*ASSIGNED TASK*.
The result should be an exact copy of only the lines from the one with "Bij Ocala ligt" through the last line of the data below, with pictures omitted.

*PROVIDED DATA*.
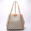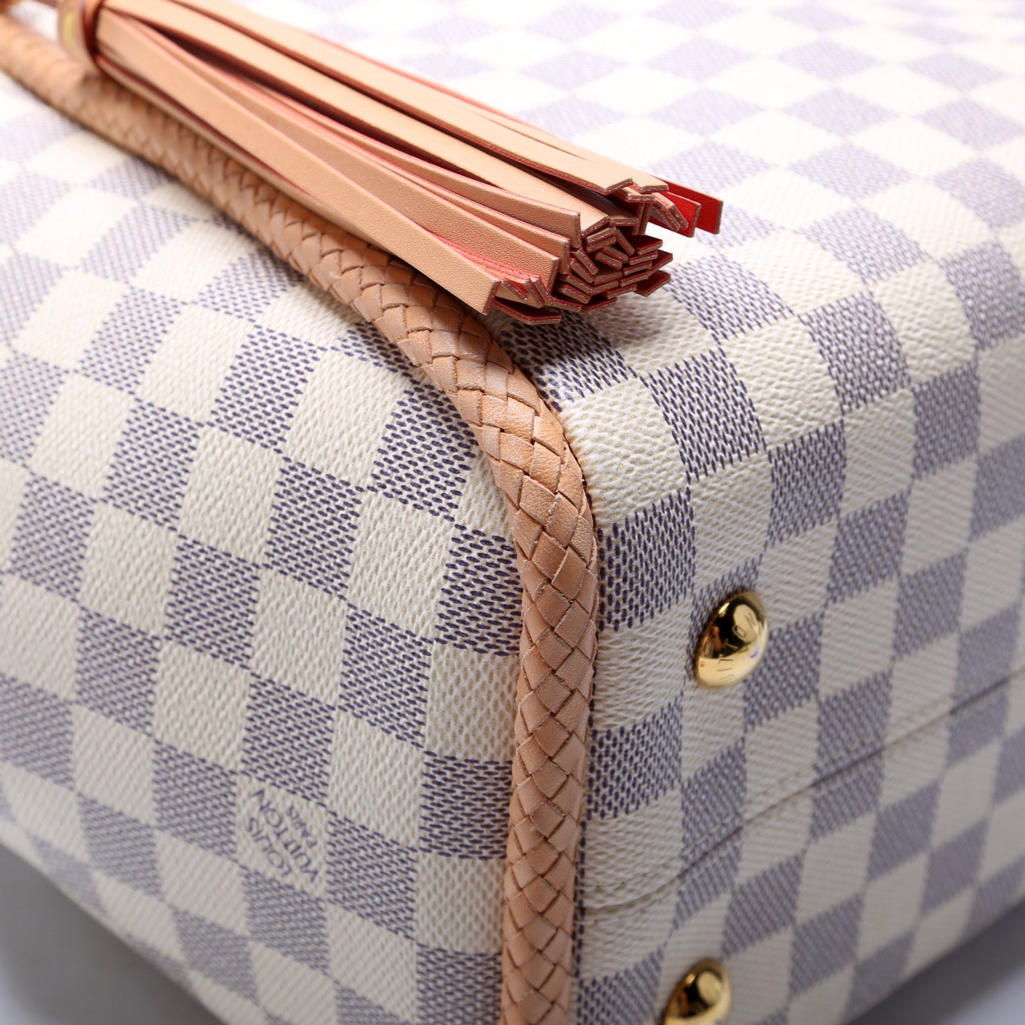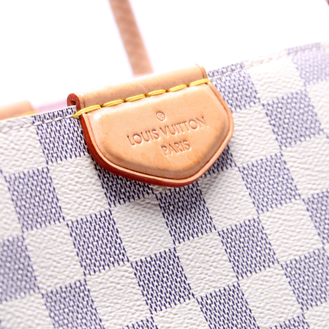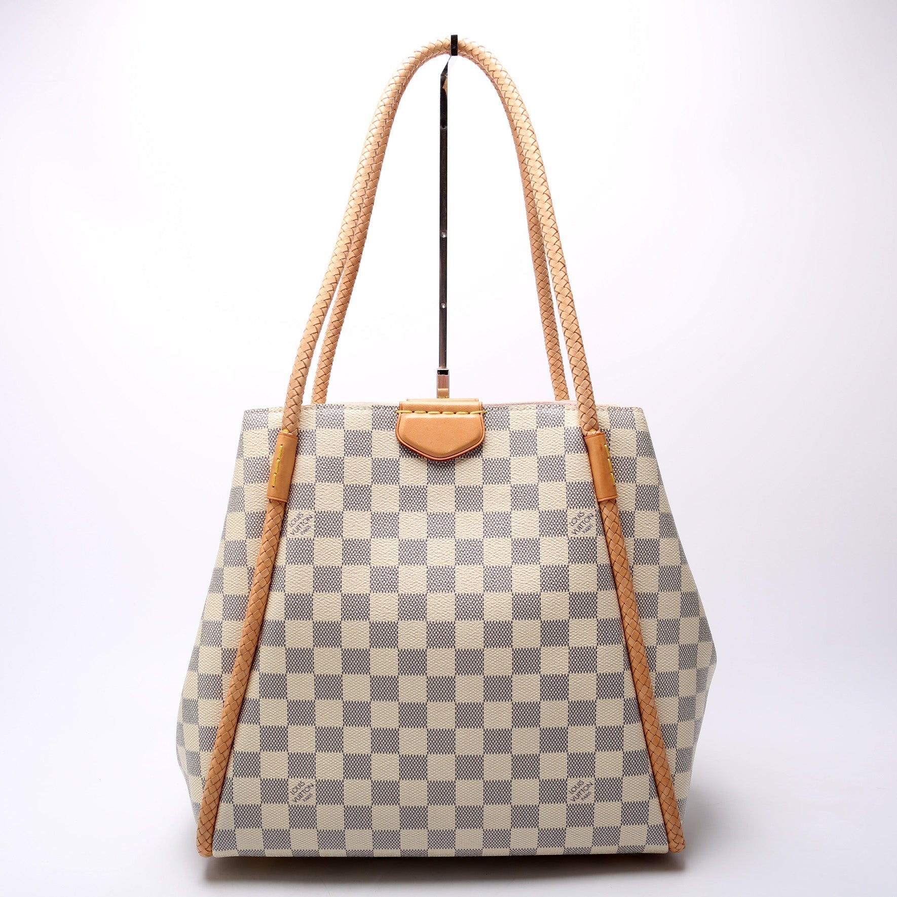 This Louis Vuitton Proprianois eye catching bag. The exterior is in the classic Louis Vuitton Damier Azur coated canvas.
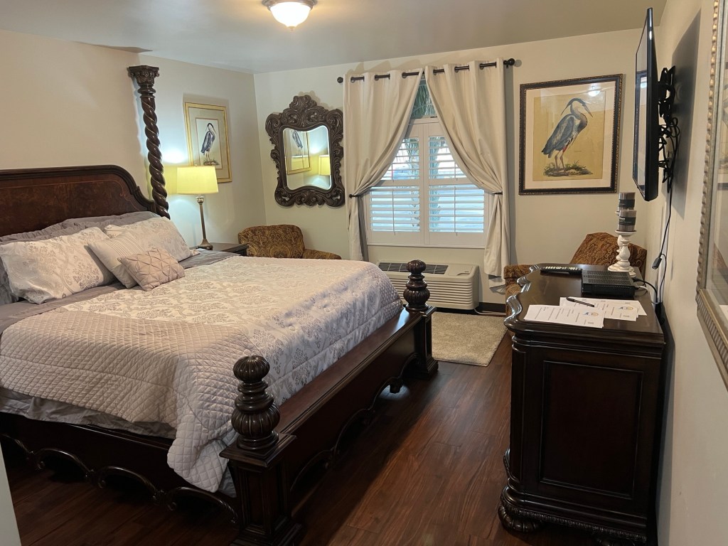Bij Ocala ligt ook het grootste zand-pijnbos ter wereld van maar liefst 148.000 ha. Het Ocala National Forest. We wilden daar eigenlijk naar Silver Springs State Park om een wandeling te doen, maar het regent. We eten nog even bij de IHop in het drukke Ocala en besluiten, omdat het blijft miezeren, door te rijden naar Crystal River. We komen daar om 16.00 uur aan en checken in bij Beautiful Beginnings at Bayside. Een hotel annex B&B. We worden welkom gegeten door gastvrouw Rita. We kunnen kiezen uit 2 kamers. Een modern ingerichte kamer of een erg klassieke kamer. Ze is verast als we kiezen voor de klassieke kamer. Ze verteld dat de meeste gasten uit Nederland, Duitsland zouden kiezen voor de modern ingerichte kamer. Wij hebben onze vakantie al genoeg moderne hotelkamers gezien. Deze kamer heeft wel wat. Dus kiezen we hiervoor. Zie foto’s hieronder.
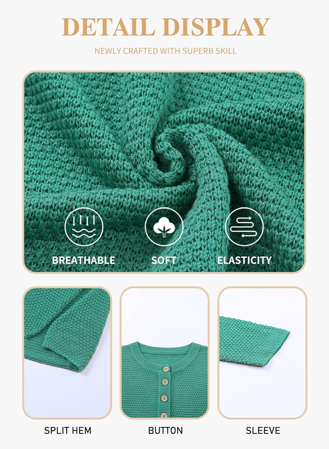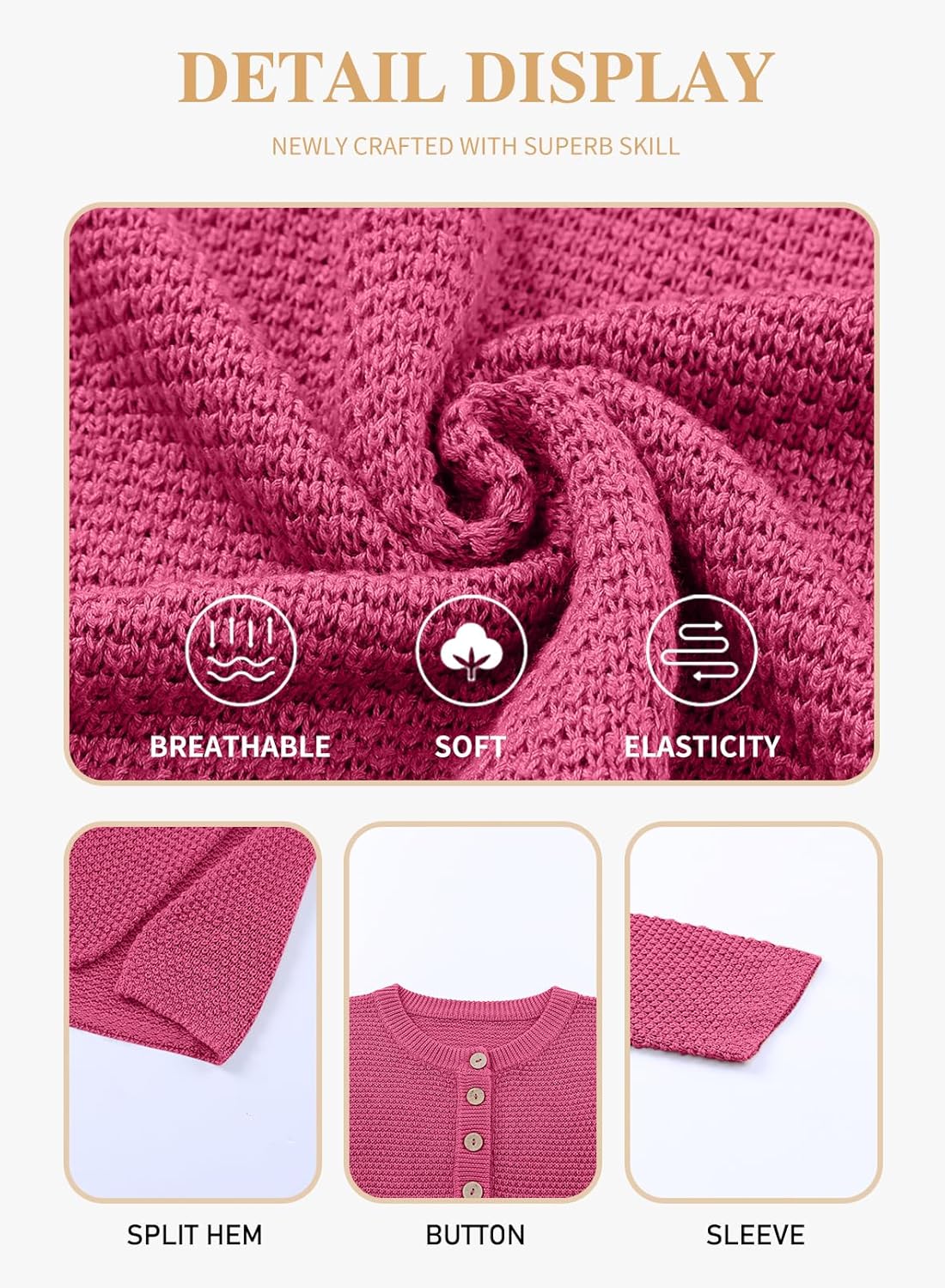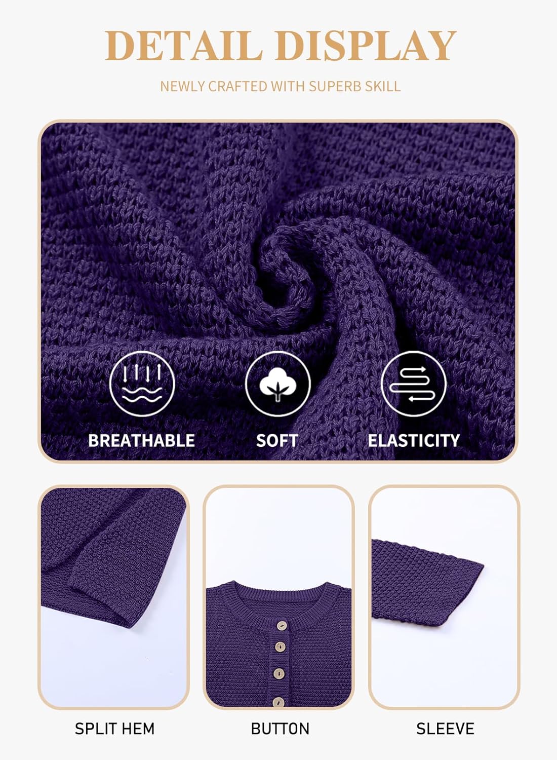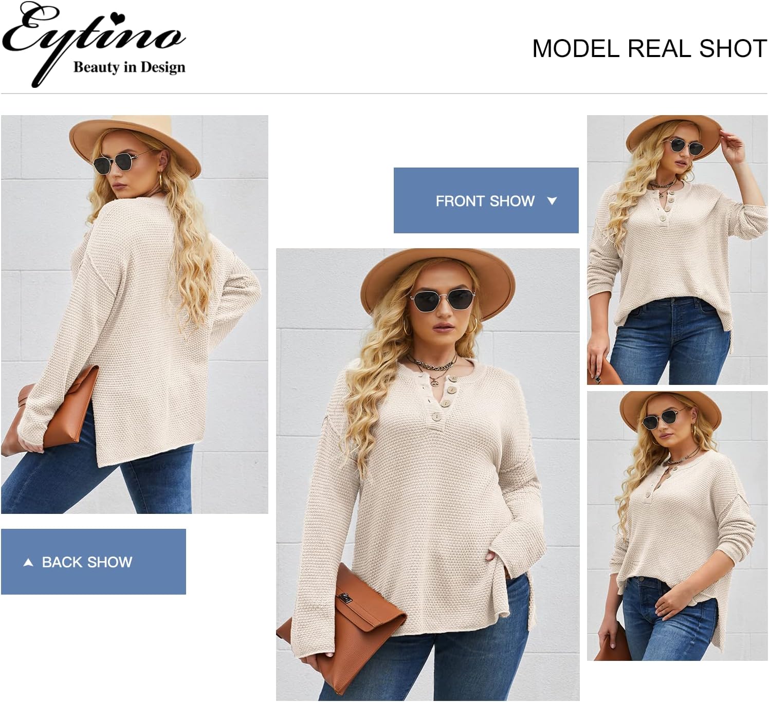 • Plus size button henley sweater is made of 55%Acrylic+45%Cotton, a soft knit material-it's so lovely and and a lightweight, breezy material.

*RESPONSE AREA*.
Bij Ocala ligt ook het grootste zand-pijnbos ter wereld van maar liefst 148.000 ha. Het Ocala National Forest. We wilden daar eigenlijk naar Silver Springs State Park om een wandeling te doen, maar het regent. We eten nog even bij de IHop in het drukke Ocala en besluiten, omdat het blijft miezeren, door te rijden naar Crystal River. We komen daar om 16.00 uur aan en checken in bij Beautiful Beginnings at Bayside. Een hotel annex B&B. We worden welkom gegeten door gastvrouw Rita. We kunnen kiezen uit 2 kamers. Een modern ingerichte kamer of een erg klassieke kamer. Ze is verast als we kiezen voor de klassieke kamer. Ze verteld dat de meeste gasten uit Nederland, Duitsland zouden kiezen voor de modern ingerichte kamer. Wij hebben onze vakantie al genoeg moderne hotelkamers gezien. Deze kamer heeft wel wat. Dus kiezen we hiervoor. Zie foto’s hieronder.
 • Plus size button henley sweater is made of 55%Acrylic+45%Cotton, a soft knit material-it's so lovely and and a lightweight, breezy material.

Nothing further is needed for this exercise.